**Data extracted from a collection**
-- -- --

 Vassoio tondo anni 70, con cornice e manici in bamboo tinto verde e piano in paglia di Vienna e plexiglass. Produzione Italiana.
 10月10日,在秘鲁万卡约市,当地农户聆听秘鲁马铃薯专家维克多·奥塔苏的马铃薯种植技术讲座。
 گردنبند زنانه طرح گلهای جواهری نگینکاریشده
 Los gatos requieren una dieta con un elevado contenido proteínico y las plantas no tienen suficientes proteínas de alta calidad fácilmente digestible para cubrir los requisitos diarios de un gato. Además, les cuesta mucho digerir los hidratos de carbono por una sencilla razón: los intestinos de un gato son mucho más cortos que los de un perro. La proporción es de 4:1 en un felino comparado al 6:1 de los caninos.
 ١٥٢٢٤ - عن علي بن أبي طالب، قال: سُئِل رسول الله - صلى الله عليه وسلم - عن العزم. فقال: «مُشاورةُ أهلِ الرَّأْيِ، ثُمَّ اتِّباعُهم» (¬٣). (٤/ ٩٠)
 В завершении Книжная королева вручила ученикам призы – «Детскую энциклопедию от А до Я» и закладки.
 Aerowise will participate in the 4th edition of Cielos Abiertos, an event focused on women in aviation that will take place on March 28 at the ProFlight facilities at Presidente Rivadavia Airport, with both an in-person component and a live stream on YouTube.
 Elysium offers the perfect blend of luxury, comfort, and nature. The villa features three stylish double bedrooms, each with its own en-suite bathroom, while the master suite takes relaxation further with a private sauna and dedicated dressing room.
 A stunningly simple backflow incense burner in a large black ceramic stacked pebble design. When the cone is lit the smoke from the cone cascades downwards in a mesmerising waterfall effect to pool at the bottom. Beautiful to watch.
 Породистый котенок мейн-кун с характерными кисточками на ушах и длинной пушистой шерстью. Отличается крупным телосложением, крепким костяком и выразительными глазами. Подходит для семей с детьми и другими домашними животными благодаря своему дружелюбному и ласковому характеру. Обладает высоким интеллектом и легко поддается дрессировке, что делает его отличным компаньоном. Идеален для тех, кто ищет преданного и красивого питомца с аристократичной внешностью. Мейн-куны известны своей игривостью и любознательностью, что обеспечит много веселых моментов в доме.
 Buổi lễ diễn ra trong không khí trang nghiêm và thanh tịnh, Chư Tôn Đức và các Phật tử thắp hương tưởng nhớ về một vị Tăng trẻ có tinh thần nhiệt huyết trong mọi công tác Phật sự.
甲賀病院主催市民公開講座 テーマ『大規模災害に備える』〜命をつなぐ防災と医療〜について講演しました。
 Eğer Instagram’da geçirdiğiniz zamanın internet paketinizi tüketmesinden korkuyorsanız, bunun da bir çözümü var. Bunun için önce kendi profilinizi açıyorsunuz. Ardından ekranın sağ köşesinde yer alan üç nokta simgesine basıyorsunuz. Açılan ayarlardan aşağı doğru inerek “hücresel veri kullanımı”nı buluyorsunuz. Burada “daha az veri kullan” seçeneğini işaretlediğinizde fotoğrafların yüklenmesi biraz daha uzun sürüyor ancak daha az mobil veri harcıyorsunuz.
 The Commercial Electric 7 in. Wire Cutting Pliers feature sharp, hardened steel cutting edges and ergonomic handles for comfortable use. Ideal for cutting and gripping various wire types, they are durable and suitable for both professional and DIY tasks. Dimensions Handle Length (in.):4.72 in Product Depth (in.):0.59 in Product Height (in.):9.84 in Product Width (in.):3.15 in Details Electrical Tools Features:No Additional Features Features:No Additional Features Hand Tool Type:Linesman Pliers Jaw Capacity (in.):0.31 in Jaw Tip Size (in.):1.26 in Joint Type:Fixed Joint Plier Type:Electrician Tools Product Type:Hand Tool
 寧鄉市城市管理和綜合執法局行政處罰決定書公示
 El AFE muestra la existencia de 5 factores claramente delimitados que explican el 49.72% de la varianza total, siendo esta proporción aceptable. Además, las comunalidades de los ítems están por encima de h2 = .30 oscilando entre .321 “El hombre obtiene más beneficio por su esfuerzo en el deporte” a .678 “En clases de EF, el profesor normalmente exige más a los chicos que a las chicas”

-- -- --

Please show each line in the records above that contains "both".

 Aerowise will participate in the 4th edition of Cielos Abiertos, an event focused on women in aviation that will take place on March 28 at the ProFlight facilities at Presidente Rivadavia Airport, with both an in-person component and a live stream on YouTube.
 The Commercial Electric 7 in. Wire Cutting Pliers feature sharp, hardened steel cutting edges and ergonomic handles for comfortable use. Ideal for cutting and gripping various wire types, they are durable and suitable for both professional and DIY tasks. Dimensions Handle Length (in.):4.72 in Product Depth (in.):0.59 in Product Height (in.):9.84 in Product Width (in.):3.15 in Details Electrical Tools Features:No Additional Features Features:No Additional Features Hand Tool Type:Linesman Pliers Jaw Capacity (in.):0.31 in Jaw Tip Size (in.):1.26 in Joint Type:Fixed Joint Plier Type:Electrician Tools Product Type:Hand Tool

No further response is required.